If there is one thing I learnt over the years is to actually listen to opponents and those with whom you disagree because in order to fight them you must understand not just what they say stand for but can also explain the consequences of the positions they take.

With this in mind I was intrigued by the following letter from David Ellis in this week's Weekly Worker published by the Communist Party of Great Britain, the tiny sect behind Labour Party Marxists involved in the faction fighting to support Jeremy Corbyn.

If there has been a problem with Jeremy Corbyn, it is this: he has put party unity above principle, when he should have gone to war with the party right and put his own uncompromising socialist programme forward.
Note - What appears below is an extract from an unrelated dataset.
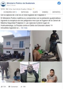 Este sábado 18 de octubre, a través de la FiscalÃa contra el Delito de Extorsión y con el apoyo de investigadores de DIPANDA. Se realizaron distintos allanamientos en el departamento de Huehuetenango, donde se logró la recaptura de dos de los 20 reos fugados de Fraijanes II.
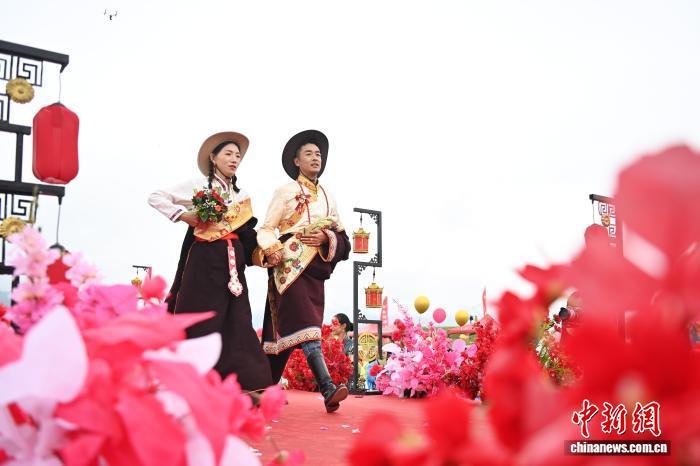 圖為活動(dòng)現(xiàn)場(chǎng)的藏式迎親。中新社記者 九美旦增 攝

He should never, for a start, have switched to a pro-European Union position and campaigned for ‘remain’. Forty years of Labour left opposition to the EU and its predecessors was ditched overnight to placate the Blairmainers.

Corbyn was fortunate that Brexit won anyway; otherwise Labour would already be finished and the UK Independence Party would be the popular opposition to a Cameron/Osborne Tory government.

Let’s face it: in 2020 Labour will be down to 40 or 50 seats, maybe fewer. All those seats will be held by the more leftwing MPs because nobody is going to vote for the New Labour coup plotters, knowing they would refuse to form a Corbyn-led government in any case. That is going to happen, so Corbyn might as well start fighting now and then, after 2020, the Labour Party can be rebuilt on a principled, radical socialist basis.

Where to start?

"If there has been a problem with Jeremy Corbyn.." 

We'd be here all night listing his weaknesses and inability to lead the Labour Party. Corbyn is out of touch with the working class as are the left wing radicals, self appointed commissars and social media media warriors behind him.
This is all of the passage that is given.